阮阮抬头看男人,他面如冰玉,穿着朴素破烂的戏服,露出的肌肉结实有力,宣示着男性身躯的力量,不似外表的文雅。
阮阮今日戏份结束了,梁才瑾还有一场,她想要脱下衣服还给他,男人已经上场。走到场边换上自己的外套,将男人的衣服放在他的椅子上。
然后去化妆间卸了妆、换下戏服,她和剧组的人打了声招呼回去休息。
进入深秋天黑的越来越早了,阮阮第一次拍夜戏拍到这么晚,路上没人,两边都是山坡,坡上栽满了树。
站在农居的大铁门前,阮阮掏出包里的钥匙,身后沉沉夜色和山和树仿佛都在俯视女孩的后脑勺。
石块滚动,有人在黑暗里骂了一声,似乎差点被石头绊倒。见女孩已经进了门,那人朝地上吐了口痰。
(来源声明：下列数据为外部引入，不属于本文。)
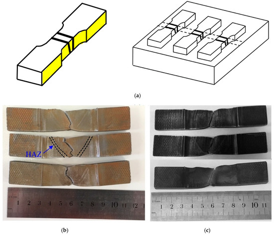 (a) Schematic representation of tensile test coupons prepared from the welded plates (yellow highlights show the gauge length of samples); (b) standard size tensile and (c) sub-sized tensile specimens (all dimensions are in mm).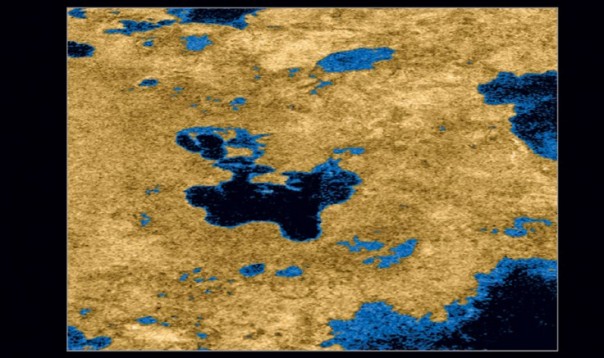В приполярных областях Титана расположены углеводородные озера (вверху) — впадины, заполненные этаном и метаном. В таких условиях может развиваться жизнь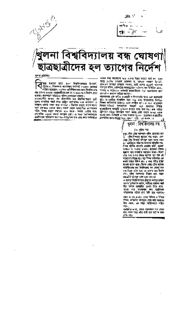 খুলনা বিশ্ববিদ্যালয় বন্ধ ঘোষণা ছাত্রছাত্রীদর হল ত্যাগের নিদের্শ Published on Newspaper দৈনিক যুগান্তর Category General Education Download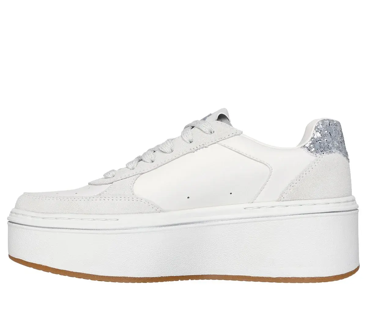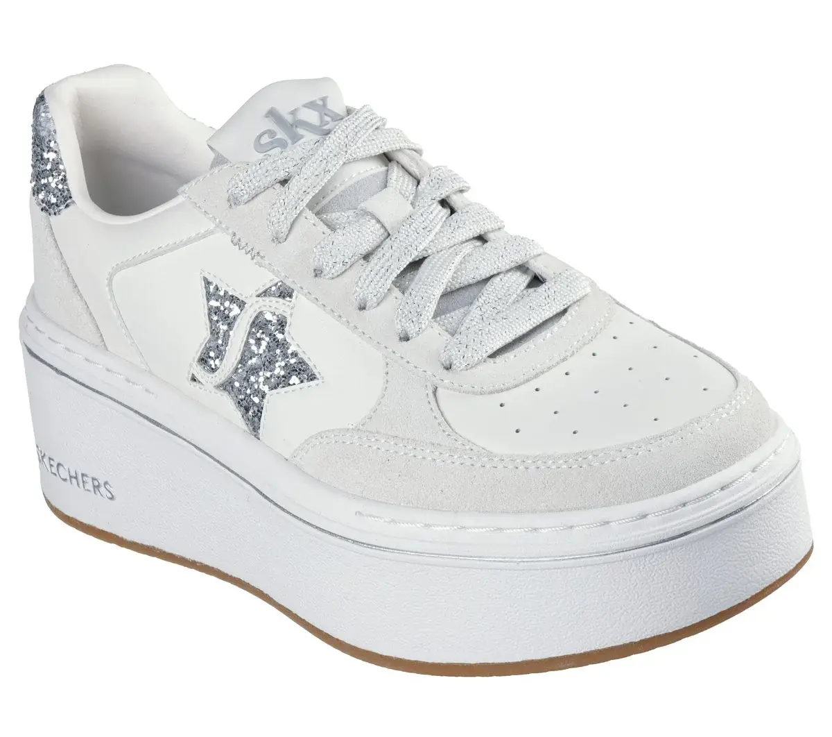 Reach new heights of style with Skechers Paloma – Brightest Star. This lace-up platform court style features a duraleather and genuine suede overlay upper with a glittery star detail and a cushioned Skechers Air-Cooled Memory Foam® comfort insole.

阮阮将院子大门锁好,进了房间。她累得不想动,在保温杯里接好热水放在床头,快速洗澡洗漱后擦着头发往床边走。
视线落在床上,擦湿发的手一顿。床上被子凌乱地铺着,她记得她每天起来都会叠被子,难道是这几天拍戏太累忘记了
皱眉回想,想不起来早上有没有叠被子。
应该是没有叠,不然不会这么乱。女孩披着半湿不干的头发躺在床上,伸伸酸胀的腿,舒舒服服地盖上被子,熄了灯,过了好久没睡着。
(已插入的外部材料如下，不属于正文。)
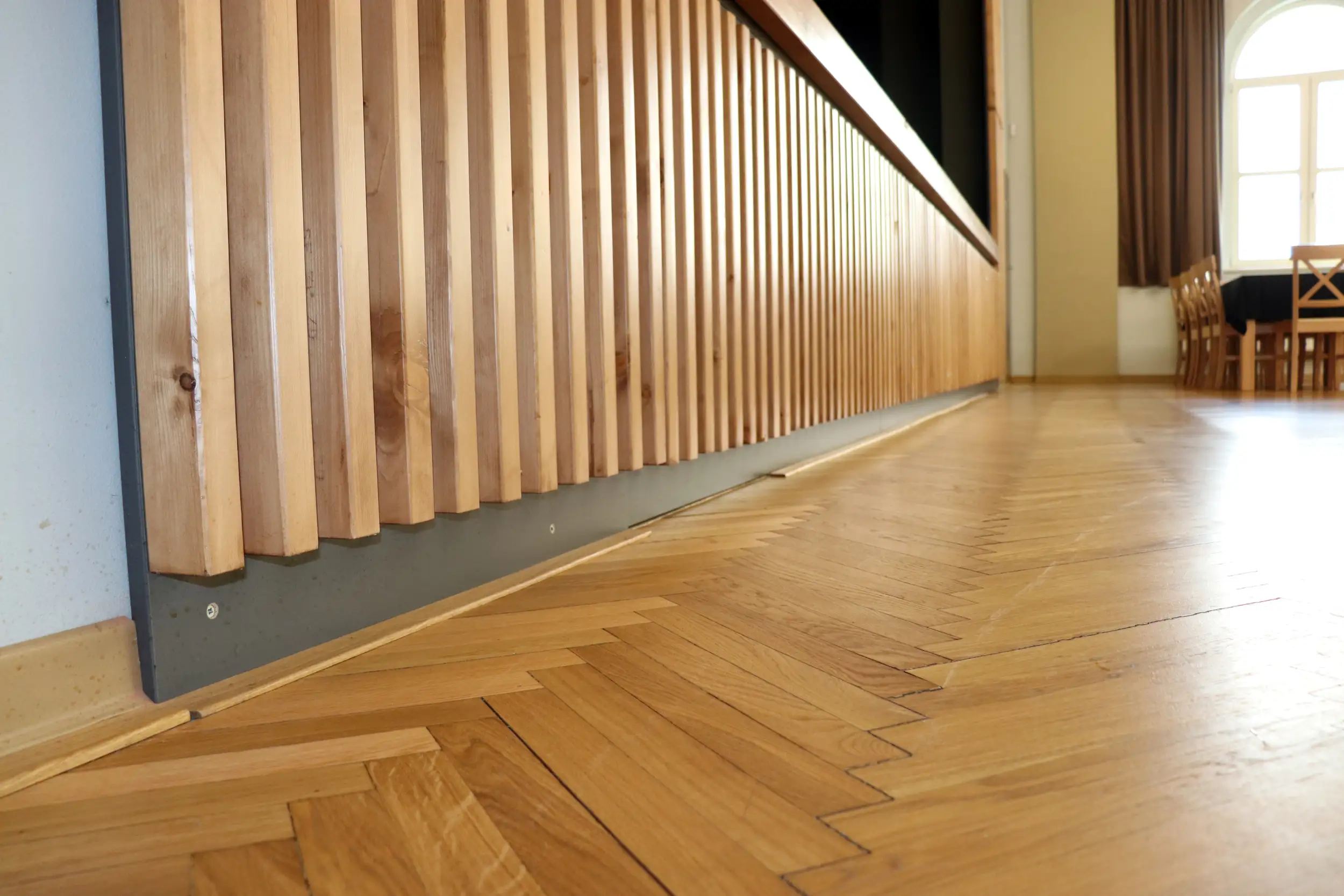 Kulturní dům Havraň Date: 2025 Category: Dřevěné podlahy Jméno Akce:: Kulturní dům Havraň Místo:: Havraň realizace:: 2024 prováděné práce:: vlýskové podlahy Tags: historické budovymasivparketyrekonstrukcesály

阮阮翻来翻去,床太冰了,像躺在冰冷的手术台上,怎么也捂不暖。
想睡睡不着,神经紧绷得难受,女孩干脆坐起来,探身去摸床头保温杯。
摸了个空。
灯被打开,床头柜上空空如也,不远处的桌面上纯白保温杯反射着白色灯光。
她明明记得自己将保温杯放在床头柜上然后才去洗澡的。
一阵凉风刮进房屋,农村简朴的薄窗帘泛起涟漪。女孩下了床,关上窗户拉紧窗帘,慢慢走到桌前。
保温杯里的液体没有减少,冒着腾腾热气的水杯倒进马克杯,阮阮轻轻吹了口热水,鸦羽长睫沾上雾气凝出水珠,在水液沾到嘴唇前停住。
她重新烧了壶热水,热水壶咕噜咕噜翻滚着气泡。
没有等到热水变温,阮阮便靠在床边睡了过去。
不知过了多久,她被一阵持续的铃声吵醒。她迷迷糊糊接了电话,从手机听筒里冒出粗重的喘气,如同野兽一般低沉沙哑,带着共振。
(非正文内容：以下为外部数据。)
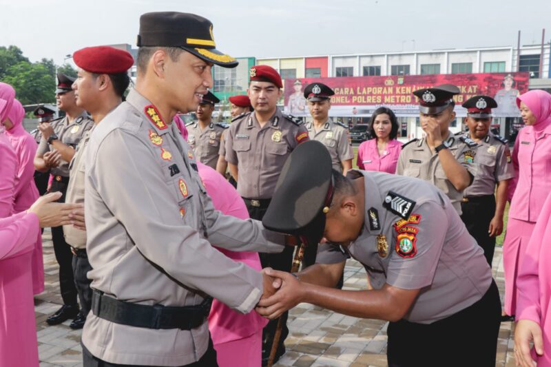 Kapolres Metro Tangerang Kota, Komisaris Besar Polisi Zain Dwi Nugroho memimpin upacara kenaikan pangkat periode 1 Juli 2024 diikuti oleh sebanyak 283 personel Polres Metro Tangerang Kota, Polda Metro Jaya. Selasa (2/7/2024).

阮阮被这可怖的声音惊醒,想要挂了电话怎么按都没有反应。
“呼呼”
“呼呼”
“呼、呼”
那边传来的声音越来越急促高昂,阮阮捂住耳朵缩在床角,紧紧咬着牙不让自己发出尖叫。
清晨的空气清新怡人,阳光透过薄薄的雾气照在身上,带着些许凉意。
今天的戏是前太子面见女皇,他第一次上了女皇的床榻,成为她的男宠。
寝宫内,由侍女伺衣,女皇漫不经心地问“亵衣洗净了”
隔着朦胧的纱帘,女人窈窕如柳的身姿投映在纱幔上。男人一袭白袍,腰间只松垮系上腰带,露出一大片肌肤。他跪在地上,视线直刺纱幔后的身影,“皇上自己来看。”
“哦。”女皇淡淡应一声,侍女将纱帘从两边挂起,她从内室走出,步步生香,未着绣鞋罗袜,赤足脚背抬起男人瘦削的下巴。